IL MONDO ALLA DERIVA. COME QUEL BARCONE PIENO DI MIGRANTI

 

 

 

 

DI CLAUDIA PEPE

 

Le sentivano quelle acque gelide nere come la loro pelle.
Li stavano inghiottendo in quell’inferno a cui credevano di poter sfuggire. Quell’acqua ha coperto il loro viso dopo 7 giorni di agonia, lasciati alla deriva non solo di un’immensità di cui il fondale racchiude il loro sangue, ma alla deriva dell’umanità.
La rivista Left denuncia:” Al largo delle coste occidentali della Libia – nonostante il calo di sbarchi in Italia delle ultime settimane – si è verificato un nuovo naufragio di migranti. Stando alla Marina libica, il barcone che li trasportava era salpato venerdì 15 da Sabrata, con circa 130 persone a bordo”. Alcuni resti del natante sono stati rintracciati a circa 20km a ovest di Zuara, insieme a 4 cadaveri, fra cui i resti di due donne. Di sette naufraghi salvati, uno è morto successivamente in ospedale.
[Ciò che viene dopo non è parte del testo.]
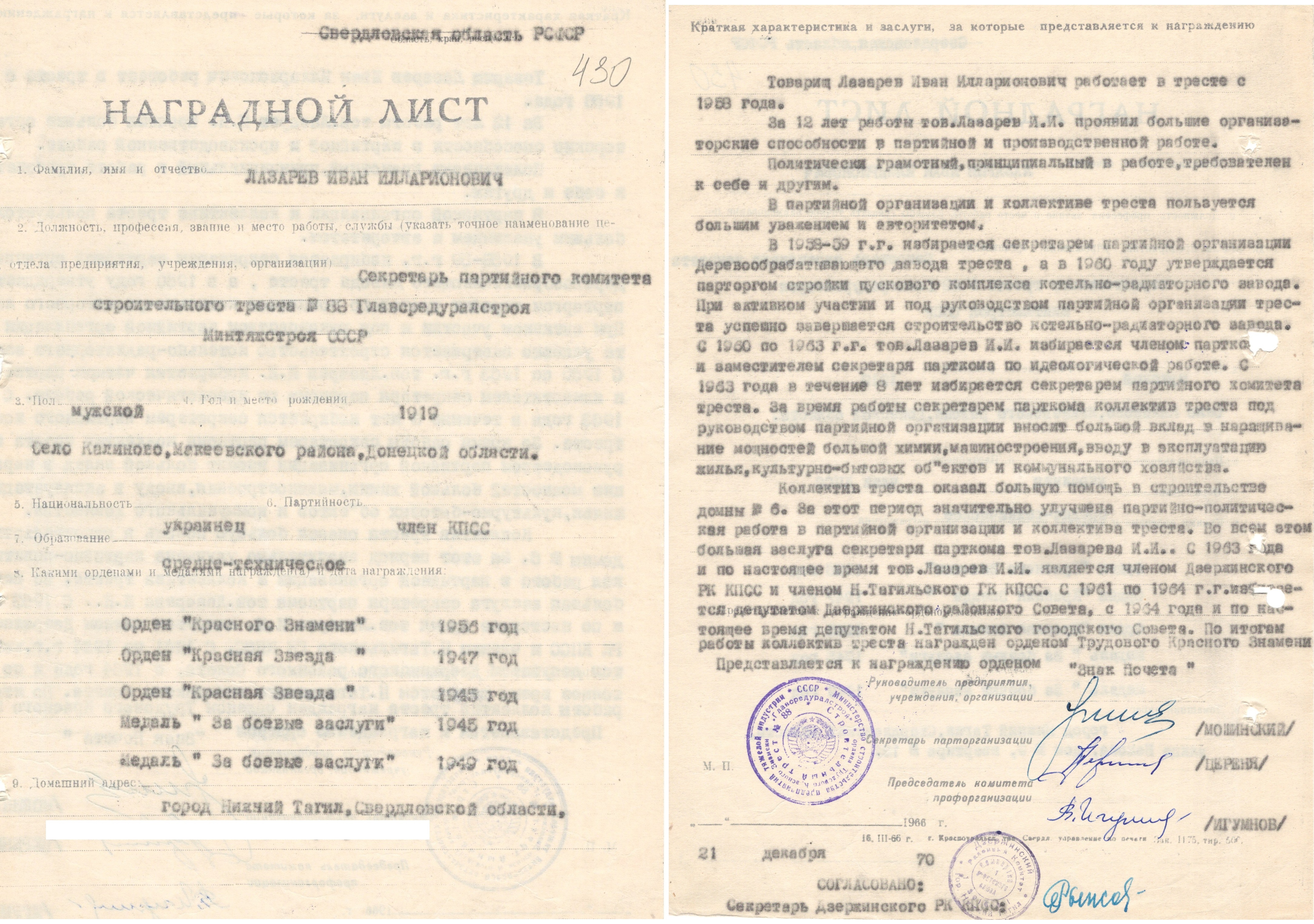 Из личного дела мастера участка малой механизации Строительного треста №88 Лазарева Ивана Илларионовича: «Товарищ Лазарев Иван Илларионович работает в тресте с 1958 года. За 12 лет работы тов. Лазарев И.И. проявил большие организаторские способности в партийной и производственной работе… При активном участии и под руководством партийной организации успешно завершается строительство котельно-радиаторного завода… Коллектив треста оказал большую помощь в строительстве домны №6… Во всем этом большая заслуга секретаря парткома тов. Лазарева И.И. Представляется к награждению Орденом «Знак Почёта».»

L’ammiraglio Ayob Amr Ghasem – portavoce della Marina libica – ha dichiarato che «oltre cento migranti sono dati per dispersi».

La portavoce in Sud Europa dell’agenzia Onu per i rifugiati Carlotta Sami ha scritto un tweet che ci fa vergognare di essere nati dall’altra parte del mare:” Abbiamo verificato: la barca con i 100 e oltre dispersi è restata alla deriva per almeno una settimana prima di affondare. Orrore devastante”.

Si e siamo noi quest’orrore devastante, un orrore che mentre noi ci lamentavamo del calo della temperatura, del nostro collega antipatico, e del raffreddore che ci stava devastando, ha lasciato soccombere nel braccio della morte, ombre senza nome.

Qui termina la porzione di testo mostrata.